Wednesday, October 19, 2016

Wide Awake, Crescent-Shaped


I see the moon and the moon sees me
High up over the apple tree



I can still hear my mom and dad singing this to me,* and with it that vague, buttery feeling that all little kids should have that everything is good and everything is connected. Like, if you can see the man in the moon (and yes, you want to see him so bad when you're 3, so you do), you're pretty much set.

Here in New York City, I'm embarrassed to say I don't even know if the moon is supposed to be visible to telescope-less eyes every night.  It's like that in many other urban areas, where most of the time you can't see stars because of light pollution. The glare and clutter from street lamps and lights in and outside office buildings spills into the sky like frat boys at Santacon, peeing in the street and such.

It's not just that we can't see the night sky. it's that as a result, I think we're out of whack, oversolared and overexposed.  If you're like me, you'll feel especially overstimulated in summer, when the sun is biggest and loudest. A real scheister who won't get off the stage until gravity forces its departure, the Donald Trump of things-in-the-sky (HELLO, you shouldn't look at him directly either). Even the sidewalks glare at you, and riding the subway is like licking a moist underarm (Eeww! Sorry).

Fortunately, there is hope--and it's made of green cheese. Okay, it's actually more like rocks, but Ayurvedic experts and others recommend moonbathing as cooling and calming, a way to balance the sun's yang energy with some loony (as in lunar) yin. I found a blog post on this practice that blows my mind (and P.S. if you wanna dig a little deeper you can find the author's body and spirit analysis of various world leaders).
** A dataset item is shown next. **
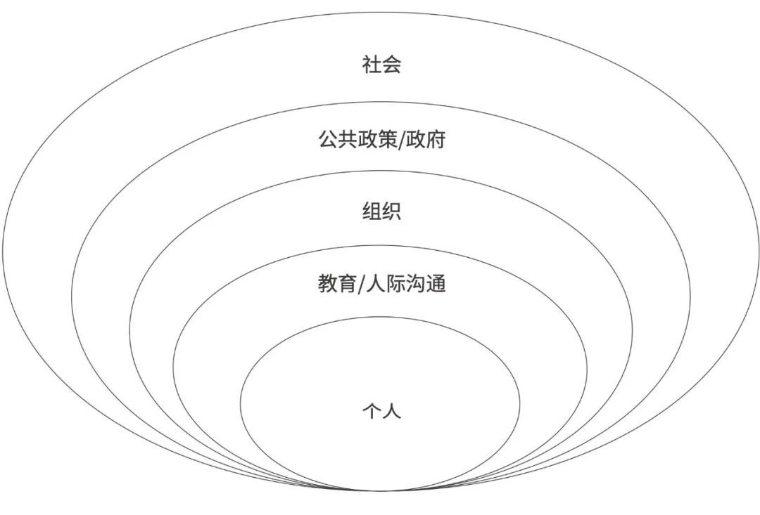 既然接受了缺乏睡眠是一种缓慢的自我安乐死的观点,那么我们可以做些什么呢?对我来说,解决这个问题在逻辑上需要两步。首先,我们必须了解为什么睡眠不足的问题似乎总是顽固不化,并因此一直在向更坏的方向发展。其次,我们必须制定一个结构化的模型,在可以找到的每个可能的关键点上实现改变。没有单一的、灵丹妙药一般的解决方案。毕竟,导致整个社会睡眠不足的原因不止一个,而是很多。我在下面画出了现代世界的睡眠新愿景——通过多层级干预机制来改善睡眠现状的图谱,如图1所示。

So this past summer I started watching the sky in earnest. At first, it was like some bad crush, with me practically salivating as  I'd catch a glimpse of the moon over the East River. I'd be close to panting as I'd get off the bus and throw my groceries or bag upstairs and run outside again, only to find the ghost of my beloved taunting me from behind a pack of dirty-tricking clouds. Some nights it would seem like the moon was tracking a cubist path, now a cut-out hanging atop a tree with Scotch tape, then minutes later a papery disc holy communioned between two apartment buildings.

But slowly, somehow my aim just got better, and me and the moon had some quality time. In Texas in September, she (she? Yeah, she's a she for sure in Texas) acted as a tour guide for a leg of our sunset cruise around Austin's Ladybird Lake, as a million bats emerged like butterfly shadows to greet her.




And these past few days, whoa…it's like the moon's on 'roids, swinging big and low and bulbous, precisely timing orbit and phase in order to be his biggest self. (Yeah, this Supermoon's a total shock jock). On Sunday night I turned off all the lights, opened the windows and did my before-bed meditating while gazing at the moon; I'd close my eyes and see the Kodachrome version like a glowy doorbell on my third eye, then woke up the next morning thinking, The moon is a prodigal sun.

On Monday night I had to lie on the living room floor to get a good view, Ira looming over me from the coffee table, a la Supermoon, Siamese Cat edition. I'd close my eyes and see the moon waning into tomorrows, then woke up this morning and knew, Love is the moon looking at the sun. Or, love is that which flows between the moon and the ocean.

I also knew, like it or not, this is the story I have already been and have to start telling over and over, no matter that others have already told it better, no matter what a crappy or not job I do of it. I tell mine with cats and girls, and moms and brothers, and sacred beings and freshwater pearls. I wish it were a little easier to tell, like the story of the first kitten to do a pirouette (that's still on my list!), but it's kinda the one thing that explains everything to me.

Love is the moon thinking about the sun.




* I didn't realize until this writing it's an actual song! One of family members must have changed the words from "down through the leaves of the old oak tree" to "high up over the apple tree," in homage to the tree outside my window. To this day no Macintosh has been able to raise the bar set by this tree.

And then there's this.





While writing this, my inner juke box cued up  and busted out "Sunrise, Sunset," and  I'm in the backseat of my family's light blue Caprice Classic again, forced to listen to this borderline creepy and way-too-depressing-for-a-kid song--sorry, Tony!--on 8-track.

1 comment:

  1. Morticia and Gomez Addams used to moonbathe. A favorite show of mine growing up.
    I am fortunate to be able to spend a lot of time outdoors under the stars and moon.